I understand that you are suggesting that we try out 1.3.4 as there have been a number of fixes since 1.3.1.

Tim Beale and I have tried pulling in a couple of the fixes that looked like they might have an affect on this operation but there wasn't any improvement:
Revert "totemsrp: Remove recv_flush code"
Ignore memb_join messages during flush operations

Comment 10 Steven Dake 2011-11-22 05:47:55 UTC
Pulling in a couple of fixes likely won't get it done.  You need _all_ the patches (some work together or interact).  Just give it a try and see if it resolves the problem.  I can't spend time re-debugging issues that are already fixed.  If the problem persists then I will investigate further.

Regards
-steve

Comment 11 John Thompson 2011-11-29 08:41:10 UTC
I have performed the update to corosync 1.3.4 and retested with a fail to recv const = 1000.

I do not see a FAILED TO RECEIVE message.

There is still a problem where when the scenario mentioned in this report occurs - a node joins just as the cluster is finishing off a join for another node (some nodes have gone OPERATIONAL from RECOVERY and some nodes are still in RECOVERY).

The problem is that we see a CLM & CPG config change with some of the nodes marked as left.  A second CLM config change is then seen with them having joined again.

For CPG the left nodes don't rejoin the group - as shown in corosync-cpgtool, they are not group members any more.  These nodes have not actually left but are still part of the cluster, they still appear in more debug showing that they are part of membership.

The left nodes have a more advanced ring seq id as they have gone operational.  In this case the nodes that were in RECOVERY for the last node join are on the previous ring seq id, this causes the transitional membership to be calculated so the operational nodes are removed, and therefore have left the cluster.

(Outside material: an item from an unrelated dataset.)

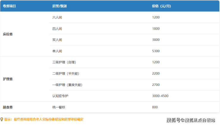 收费起点:3500元/月起(根据护理等级和房型动态调整)

When this type of situation occurs is the cluster considered to have split and be reforming?  Would this be why the nodes are considered to have left and then rejoined in CLM?

Should this be something I email the mailing list about or leave in this report?

[TOTEM ] totemsrp.c:1998 entering RECOVERY state.
[TOTEM ] totemsrp.c:2040 TRANS [0] member 192.168.255.1:
[TOTEM ] totemsrp.c:2040 TRANS [1] member 192.168.255.10:
[TOTEM ] totemsrp.c:2040 TRANS [2] member 192.168.255.11:
[TOTEM ] totemsrp.c:2040 TRANS [3] member 192.168.255.12:
[TOTEM ] totemsrp.c:2044 position [0] member 192.168.255.1:
[TOTEM ] totemsrp.c:2048 previous ring seq 20 rep 192.168.255.1
[TOTEM ] totemsrp.c:2054 aru 60 high delivered 60 received flag 1
[TOTEM ] totemsrp.c:2044 position [1] member 192.168.255.3:
[TOTEM ] totemsrp.c:2048 previous ring seq 24 rep 192.168.255.1
[TOTEM ] totemsrp.c:2054 aru 0 high delivered 0 received flag 1
[TOTEM ] totemsrp.c:2044 position [2] member 192.168.255.4:
[TOTEM ] totemsrp.c:2048 previous ring seq 24 rep 192.168.255.1
[TOTEM ] totemsrp.c:2054 aru 0 high delivered 0 received flag 1
[TOTEM ] totemsrp.c:2044 position [3] member 192.168.255.5:
[TOTEM ] totemsrp.c:2048 previous ring seq 0 rep 192.168.255.5
[TOTEM ] totemsrp.c:2054 aru 0 high delivered 0 received flag 1
[TOTEM ] totemsrp.c:2044 position [4] member 192.168.255.6:
[TOTEM ] totemsrp.c:2048 previous ring seq 24 rep 192.168.255.1
[TOTEM ] totemsrp.c:2054 aru 0 high delivered 0 received flag 1
[TOTEM ] totemsrp.c:2044 position [5] member 192.168.255.8:
[TOTEM ] totemsrp.c:2048 previous ring seq 24 rep 192.168.255.1
[TOTEM ] totemsrp.c:2054 aru 0 high delivered 0 received flag 1
[TOTEM ] totemsrp.c:2044 position [6] member 192.168.255.9:
[TOTEM ] totemsrp.c:2048 previous ring seq 24 rep 192.168.255.1
[TOTEM ] totemsrp.c:2054 aru 0 high delivered 0 received flag 1
[TOTEM ] totemsrp.c:2044 position [7] member 192.168.255.10:
[TOTEM ] totemsrp.c:2048 previous ring seq 20 rep 192.168.255.1
[TOTEM ] totemsrp.c:2054 aru 60 high delivered 60 received flag 1
[TOTEM ] totemsrp.c:2044 position [8] member 192.168.255.11:
[TOTEM ] totemsrp.c:2048 previous ring seq 20 rep 192.168.255.1
[TOTEM ] totemsrp.c:2054 aru 60 high delivered 60 received flag 1
[TOTEM ] totemsrp.c:2044 position [9] member 192.168.255.12:
[TOTEM ] totemsrp.c:2048 previous ring seq 20 rep 192.168.255.1
[TOTEM ] totemsrp.c:2054 aru 60 high delivered 60 received flag 1

Comment 12 Steven Dake 2011-11-29 17:32:58 UTC
Please file a new bug for Comment #11.  Closing rest of this bug as upstream.